Directions for this task =>
In the material below, please retype the lines from the very first through the one with "Visit Proof |", exactly and without pictures.

Dataset extract =>
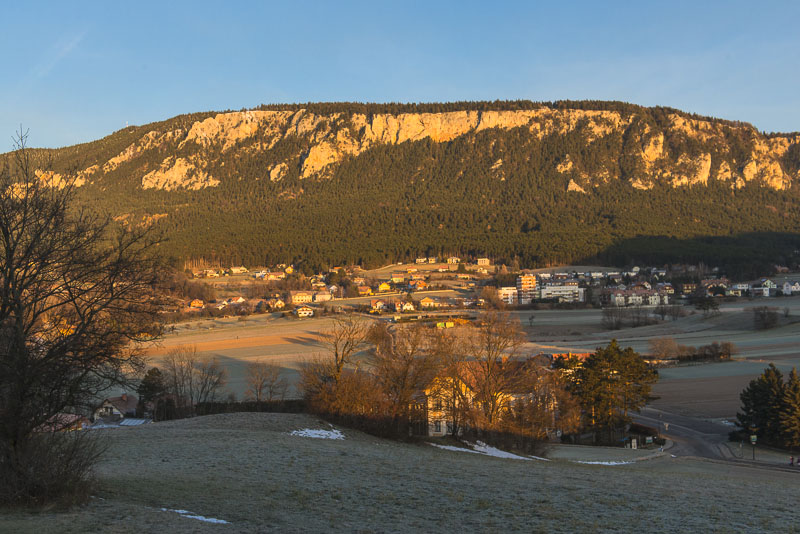 In the foreground, behind the snow banners, the pilgrimage church of Höflein, where I took my first pictures this morning.
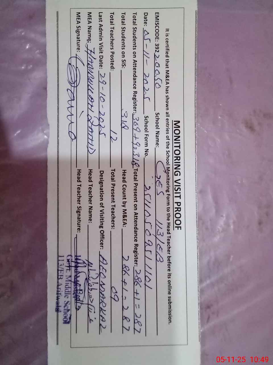 | Attendance Register | Head Teacher | MEA with School | Visit Proof |
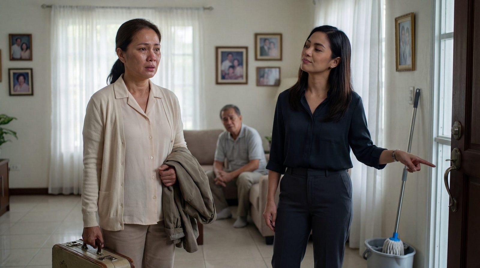Sa gilid ng pintuan, may isa pang babae—mas bata, mas maayos ang bihis, naka-itim na blouse at slacks, at ang ekspresyon ay hindi pag-aalala kundi kumpiyansang may halong pangmamaliit. Itinuturo niya ang pinto palabas, parang simpleng utos lang ang magpaalis ng tao. “Doon,” sabi ng kilos ng daliri niya, na para bang ang nasa harap niya ay hindi kapatid kundi tauhan. Sa likod, sa sofa, nakaupo ang isang matandang lalaki, nakayuko, tahimik, at ang mukha’y puno ng pag-aalangan—parang alam niya ang mali, pero sanay na siyang manahimik kapag may mas malakas na boses sa bahay.

Output for this task =>
 In the foreground, behind the snow banners, the pilgrimage church of Höflein, where I took my first pictures this morning.
 | Attendance Register | Head Teacher | MEA with School | Visit Proof |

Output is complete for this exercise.